I went to see a life coach today. I wasn't exactly sure what to expect or even what her title means for that matter, but the session was free through Jerry's office, so I figured, why not?
Because we live about an hour apart, we agreed to meet somewhere in the middle at a Barnes & Noble. It occurred to me that I had no idea who to look for, but Kim instantly knew it was me when she walked in the door.
She had a very self-assured and confident vibe about her, and I liked that immediately. I like to think I give off that same feeling to people. Or at least that I'm approachable and easy to talk to.
Because it was hot and humid, we both purchased waters and picked an open table in the cafe area. Not being able to help myself, I started hitting her with questions. I guess it's still the reporter in me. When I don't understand something, I can't help but ask.
We talked a good bit about her business, her current projects and the background behind her work. I try to keep an open mind about anything new in life, even something I may not fully understand. Because what if all of her hard-to-grasp concepts about energy and thought manifestation are true? I'm sure Columbus had a hard time convincing people the world was round.
I opened up a little bit about my job at the paper, my relationship with Jerry and my photography business. She talked a lot about destiny and that my being has opened up because this project was something I was meant to do.

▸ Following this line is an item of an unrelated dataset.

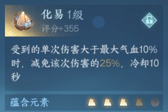 以内功[化易]举例,该内功默认拥有三个土元素,当内功升级到10级时将获得一个土元素,升至20级时将从五行中随机获得一个元素。

To be honest, I'm not sure it necessarily feels like this was my destiny, but it sure makes a lot of sense. It's like all of my work and past experiences fit perfectly into being a portrait photographer. My love for meeting new people, the attention to detail, using my creativity and turning it all into art. It just feels right. And I do feel more open and alive since taking on this project.
If I had to boil her advice down, it would be as simple as the old adage, "Positive things happen to positive people." She said it only takes 17 seconds for a thought to manifest and have other similar thoughts join it and create an energy. And, when I think about it, that makes sense. When I'm brainstorming ideas, they seem to build and pick up speed exponentially. On the other hand, when I'm upset about something, it can quickly turn into dwelling and ruin my day if I let those thoughts take over.
And as far as getting what you want in life? Believe it will happen. And it will.
Perhaps that's why our meeting didn't shake me to the core because I already live each day that way. In the past few years, probably since meeting Jerry if I had to put a time element to it, things have just sort of fallen into place for me. I have a comfort that I'm where I'm supposed to be. And anything is attainable if I set my mind to it.
I know my business won't fail because I won't allow it.
And after mentioning that my aura's seven entry points were spinning counterclockwise -- an indication of creativity if I remember correctly -- she said things are going to happen for me much more quickly than I even anticipate.
I laughed because that's already the case. I'm only a few months in, and it feels like I couldn't have gotten this far if I had wished for it. It just took off because I was welcoming it.
Kim does the same. At one point she assuredly said, "When I'm on Oprah," and it didn't sound strange. I didn't think, "Yeah, right." Instead, I envisioned it right along with her.
She did give me some things to think about and work on. I'm going to write a few things down. Not only to solidify some of my thoughts about the financial end of the business, but also to manifest them.
I'm also going to try to allow myself to give up some control in certain aspects of my life. This is something I've struggled with as far back as I can remember. I hated group projects in grade school because I felt the need to take over and fix what I viewed as everyone else's shortcomings.
I'm a natural leader, but that also comes with the fear of letting go of responsibility. I hate not knowing. Not having my hands in every detail. But she said I'll be happier if I can learn to accept that other people around me are capable, too.
And she's right.
I'm glad I scheduled the appointment if for nothing else than reaffirming a lot of my beliefs. And Kim was a really amazing person to be around -- I'd love to have a beer with her and really shoot the shit sometime. Strangely enough, when I got in my car, I felt a very heavy weight settle in my chest that took awhile to dissipate.
I'm not sure why, but I have two hypotheses:
She mentioned a few times how she personally doesn't use a camera because she doesn't need to. She collects the essense of people. If that's the case, I wonder if I noticed that part of me was missing. The other and probably more likely scenerio is that it's because her energy was missing. It had been so uplifting to be around.